Practice What You Want To Be Good At

“If you really want to be world class – to be the best you can be – it comes down to preparation and practice.”

Robin S. Sharma

After 3+ years of writing a blog each day, I can officially say that my writing has improved. Am I the best writer in the world? Heeeeeeeell Nah. But I’m better than I was 3 years ago. I’ve also gotten better at knowing what’s good work versus bad. Reading helps, surround yourself with great prose and eventually you’ll absorb some of the magic.

What’s eye-opening is what consistent practice can give you. I have a long way to go before I can earn the title of “pretty great writer” but that’s part of the journey. Not to say that improvement is inevitable on its own. We have to work and challenge ourselves every day in order to discover mastery.

As long as we keep consistently practicing, then it’s inevitable that our skills will improve.

If something is important to you, be it a skill or something that brings you joy (like hiking or listening to music or staying connected with friends) then you need to make it into a practice.

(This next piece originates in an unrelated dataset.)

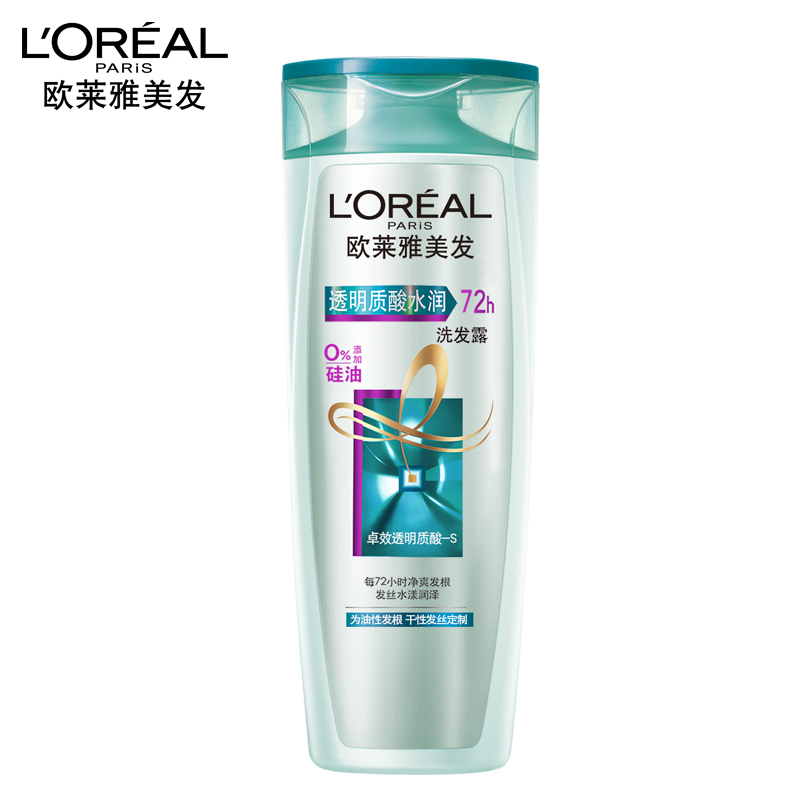 L'OREAL 欧莱雅美发透明质酸水润无硅油洗发水露200ml 控油正品

What your practice will look like is up to you. It doesn’t have to be daily. It just needs to be integrated into your life.

The same goes for things we want to change.

For example, there’s something I’ve noticed about myself that I’m not happy about—

I suck at talking about myself and articulating my ideas.

I know to get my ideas across with words on paper or a screen, but when it comes to words flopping out of my mouth, I’m a joke. Not always. But a noticeable amount. I’d like to blame it on being tired or stressed, but those are just excuses.

The reason for this is pretty obvious:

I’m not practicing speaking. I’m not practicing communicating.

We only get better at what we practice.

It’s a simple idea, but one that’s easily overlooked.

I don’t expect my golf swing to improve by working on my dance moves. Why should I expect otherwise with writing and talking?

Writing is to talking as learning the piano is to learning drums. They’re in the same category of skills, but they have their own unique sub-skills.

Writing has improved my thinking, but it hasn’t improved my articulation.

The only thing that can do that is practice.